A record year for green bank debt


Issuance of euro benchmark ESG bonds in the financials space is set to break records this year. As the energy transition steps up pace, we expect supply of ESG bonds to rise again next year to a total of EUR 75bn (versus EUR 70bn in 2023). We expect supply of senior non-preferred bonds to rise to EUR 35bn, while the supply of green covered bonds is likely to remain stable.
Issuance of euro benchmark ESG bonds in the financials space is set to break records this year
Use of proceeds bonds tend to be the preferred ESG instruments both for investors and issuers
Senior non-preferred bonds are the preferred rank of debt to issue ESG-labelled bonds
As the energy transition steps up pace, we expect supply of ESG bonds to rise again next year to a total of EUR 75bn (versus EUR 70bn in 2023)
We expect supply of senior non-preferred bonds to rise to EUR 35bn, , while the supply of green covered bonds is likely to remain stable
Issuance of euro benchmark ESG bank bonds in 2023 is set to be the highest on record. Now standing at around EUR 70bn, this number is already higher than the total amount issued in 2022 (EUR 66bn). Furthermore, the preferred ESG label remains the green use of proceeds one. From a total of 97 bonds issued, 74 were green-labelled, 20 had a social label, 3 were sustainable, and one was considered a novelty given its sustainability-linked loan funding framework (see ). This preference for green bonds corroborates with the results of our , conducted in July this year. That coupled with a more advanced legislative environment for standards in green bonds make them the instrument of choice for both issuers and investors.
Furthermore, banks tend to prefer issuing senior non-preferred ESG bonds. For instance, a total of EUR 28bn of ESG-labelled senior non-preferred bonds were issued this year, which represents a share of close to 30% of total issuance. On the other hand, only 10% of total supply of covered bonds was ESG-labelled (EUR 18.5bn). And, in the senior preferred market, 19% of total issuance was ESG labelled (EUR 17.15bn).
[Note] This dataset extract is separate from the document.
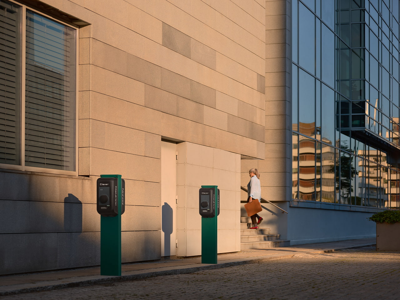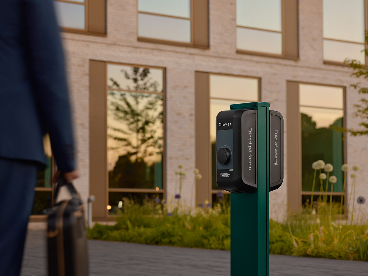 Med ladeudstyr installeret på arbejdspladsen kan medarbejdere og gæster nemt lade bilen i løbet af arbejdsdagen. Det er nemt at komme i gang – og Clever står for det hele fra start til slut.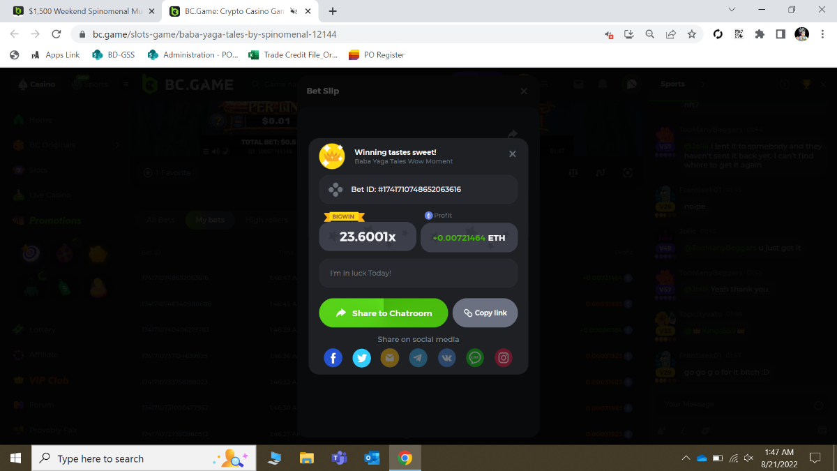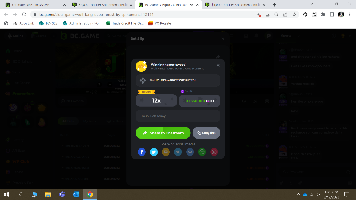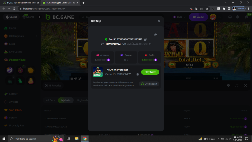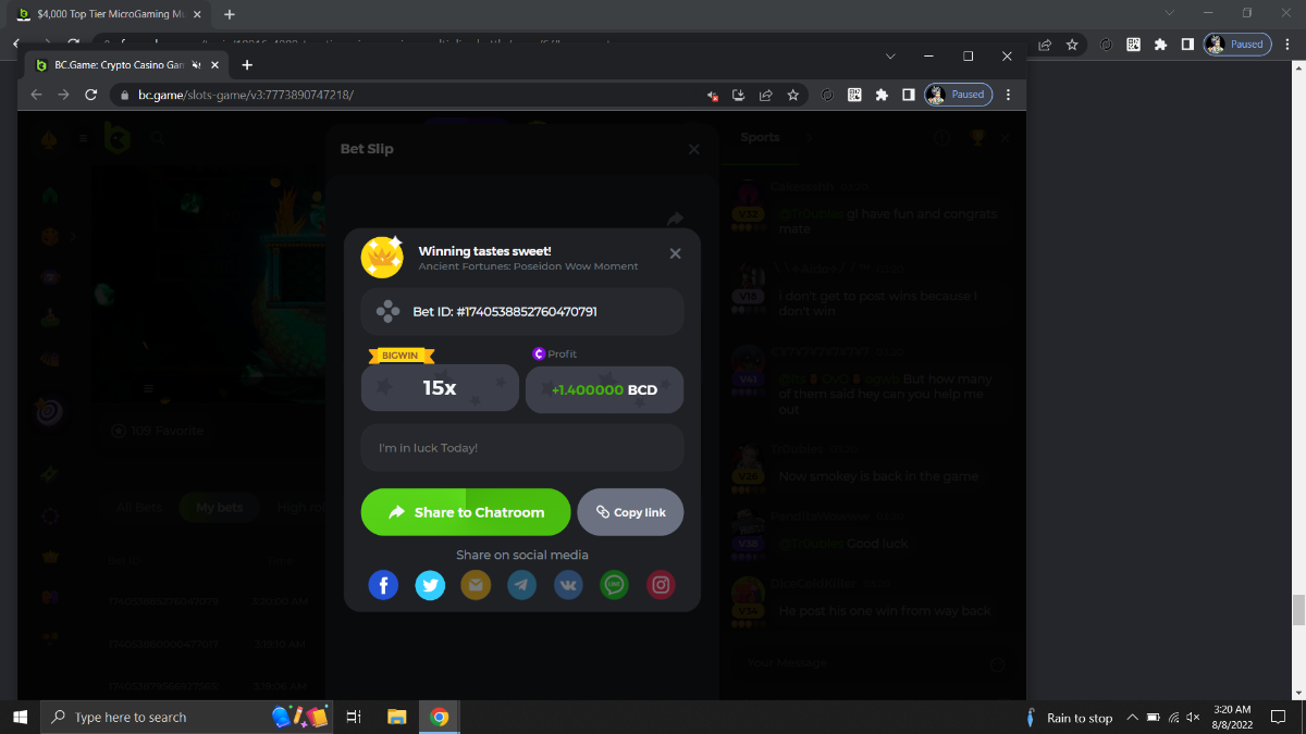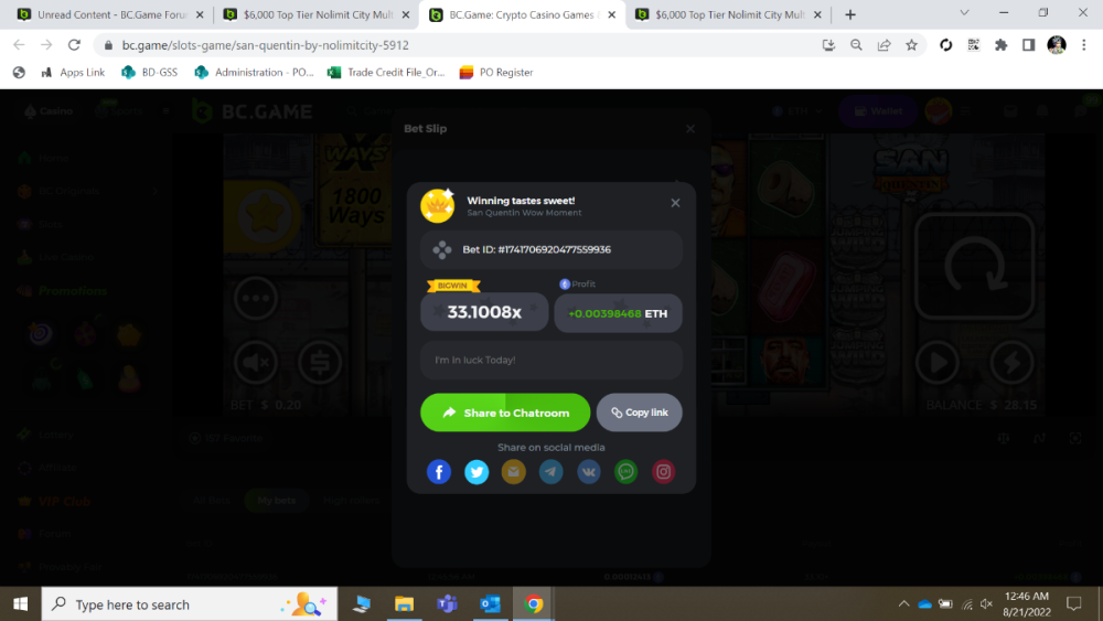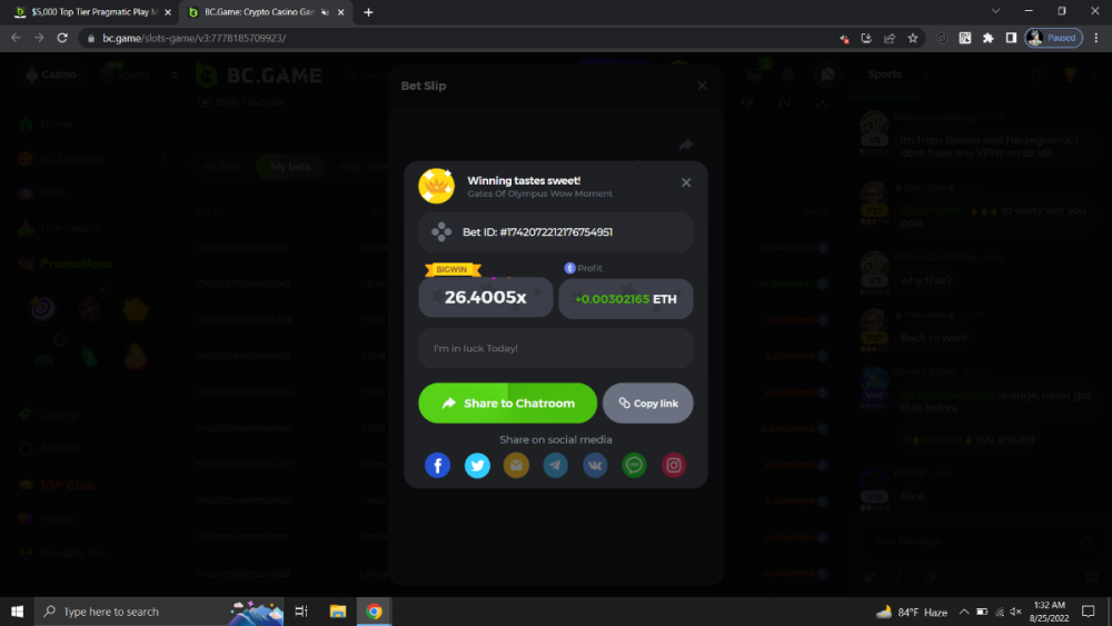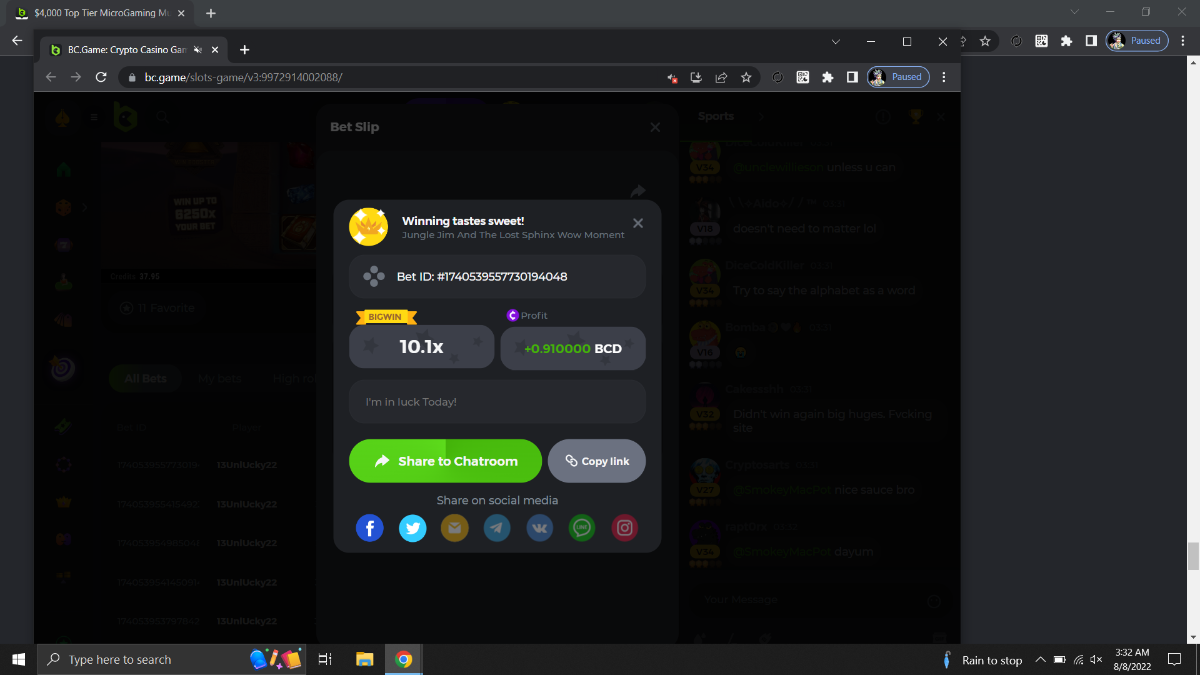 https://bc.game/sd/?sd=10KCTT2DWVITQR The bet amount was .00001 equivalent but because of decreasing coin value it shows .00000964

The decreasing share of green covered bonds since 2021 regards the massive supply of covered bonds that banks have issued between 2022 and 2023. The rise of interest rates coupled with the volatility and the uncertainty lived in financial markets drove both issuers and investors to search for the safe-haven nature of covered bonds. However, as the pricing advantage of green covered bonds over standard covered bonds is only marginal, there were not sufficient reasons (from a funding cost point of view) for banks to prefer issuing a green covered bond over a non-green one. In terms of the use of proceeds, both covered and senior non-preferred bonds can finance several projects, from renewable energy projects to the mortgage of a house with an energy performance label ranking within the top 15% of the housing stock of a specific country. Nevertheless, there is a clear pricing advantage for an issuer to print a green senior non-preferred bond over a standard one, and that might explain the increasing issuance of green senior non-preferred bonds over the last years.
Considering the above, we expect issuance of green senior non-preferred bonds to increase in 2024 to an all-time high of EUR 35bn. As the energy transition becomes more and more urgent, banks are likely to increase lending to finance companies’ investments related to the energy transition. Therefore, banks will be able to issue more ESG-labelled bonds to finance these loans. Furthermore, as interest rates are expected to gradually decrease in the second half of 2024, it will become more attractive for companies to borrow and finance projects in order to accelerate the green transition.
With regards to green covered bonds, we expect supply to increase modestly to EUR 20bn. As mortgage lending growth is likely to remain modest, despite some pick-up in the second half of the year, green covered bond issuance will most likely be similar to that of this year.